Cigarette Butts Stunt Plants’ Growth

Cigarette Butts Stunt Plants’ Growth

Other humans aren’t the only living things affected by your smoking habit, scientists in the UK warn. Their new research suggests that at least some plants can’t grow as well in the presence of discarded cigarette butts.

Cigarette butts — the plastic, usually brown filters left behind when a person finishes smoking — are a ubiquitous source of pollution. By some accounts, they’re the most common form of litter in the world. Yet there’s been relatively little research on the specific environmental effects these butts could have on wildlife, including plants.

So researchers at Anglia Ruskin University in the UK conducted a simple experiment. They left behind various kinds of butts — unsmoked, smoked, and smoked with some of the cigarette still remaining — in pots of freshly seeded Lolium perenne (perennial ryegrass) and Trifolium repens (white clover). Then they watched the plants grow and compared them to control plants with pieces of wood roughly the same size and shape as the butts left behind.

The chances of an individual root successfully growing from a seed (germination) were lower on average in the pots with butts in them, regardless of the kind of butt used. Shoots were also stunted in both plants. And for the clover, the overall mass of roots was smaller than it was in control plants.

The study’s findings were published this month in Ecotoxicology and Environmental Safety.

“Despite being a common sight littering streets and parks worldwide, our study is the first to show the impact of cigarette butts on plants. We found they had a detrimental effect on the germination success and shoot length of both grass and clover and reduced the root weight of clover by over half,” said lead author Dannielle Green, a biologist at Anglia Ruskin, in a release from the university.

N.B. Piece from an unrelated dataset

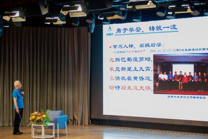讲座开始前,音响老师播放了央视新闻客户端的精美视频:《特别致敬·我还是从前那个少年 三位“80后”的别样青春》,我们看到了龙爷爷为火箭事业永葆青春的模样。

The likely cause of the stunted growth in these plants is the plastic found in the filters, the authors said. That’s because plants that were exposed to filters with some of the tobacco cigarette still remaining were about as stunted as plants with the filters alone. These filters, usually made out of cellulose acetate, can take years, if not decades, to fully degrade in the environment.

The tobacco industry, unsurprisingly, has been reluctant to take much responsibility for the mess their products leave behind. And though there are ongoing efforts to force companies to use more degradable filters, front the costs of cleaning them up, or outright ban them altogether, the most practical thing smokers can do right now is realise the damage their butts are causing the environment.

Clover and ryegrass, for instance, are commonly found in city parks and fields. And when the researchers ventured to their local green spaces, they weren’t surprised to find butts everywhere.

“In some parks, particularly surrounding benches and bins, we found over 100 cigarette butts per square meter,” Green said. “Dropping cigarette butts seems to be a socially acceptable form of littering and we need to raise awareness that the filters do not disappear and instead can cause serious damage to the environment.”